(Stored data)
━━━━

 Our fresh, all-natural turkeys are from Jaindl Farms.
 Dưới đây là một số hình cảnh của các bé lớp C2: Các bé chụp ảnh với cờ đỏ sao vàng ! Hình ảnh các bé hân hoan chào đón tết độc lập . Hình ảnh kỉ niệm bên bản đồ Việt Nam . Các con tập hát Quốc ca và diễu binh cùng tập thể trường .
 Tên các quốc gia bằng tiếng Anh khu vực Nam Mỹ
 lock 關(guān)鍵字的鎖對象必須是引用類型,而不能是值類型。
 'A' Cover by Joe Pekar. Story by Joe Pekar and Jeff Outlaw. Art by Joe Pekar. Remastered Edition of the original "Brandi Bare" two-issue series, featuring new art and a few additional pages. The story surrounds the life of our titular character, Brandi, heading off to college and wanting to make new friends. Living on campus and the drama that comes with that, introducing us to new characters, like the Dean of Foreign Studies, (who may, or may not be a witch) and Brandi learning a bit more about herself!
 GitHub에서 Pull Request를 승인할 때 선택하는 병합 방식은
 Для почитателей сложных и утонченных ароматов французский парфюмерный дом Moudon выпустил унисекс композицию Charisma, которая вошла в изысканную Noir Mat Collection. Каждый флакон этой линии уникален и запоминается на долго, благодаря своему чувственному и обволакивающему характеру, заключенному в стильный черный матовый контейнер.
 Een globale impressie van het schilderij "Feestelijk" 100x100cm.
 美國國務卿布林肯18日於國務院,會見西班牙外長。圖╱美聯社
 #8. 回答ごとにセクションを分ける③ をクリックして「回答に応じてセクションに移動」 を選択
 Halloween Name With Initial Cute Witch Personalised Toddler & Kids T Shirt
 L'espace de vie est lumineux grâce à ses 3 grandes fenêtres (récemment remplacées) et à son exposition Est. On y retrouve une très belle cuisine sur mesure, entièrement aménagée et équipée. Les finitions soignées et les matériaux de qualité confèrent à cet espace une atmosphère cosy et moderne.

━━━━

■ What this task involves
Here the answer is the exact run of lines above, from the line with "Halloween Name With" down to the last, and nothing else.

■ Reply
 Halloween Name With Initial Cute Witch Personalised Toddler & Kids T Shirt
 L'espace de vie est lumineux grâce à ses 3 grandes fenêtres (récemment remplacées) et à son exposition Est. On y retrouve une très belle cuisine sur mesure, entièrement aménagée et équipée. Les finitions soignées et les matériaux de qualité confèrent à cet espace une atmosphère cosy et moderne.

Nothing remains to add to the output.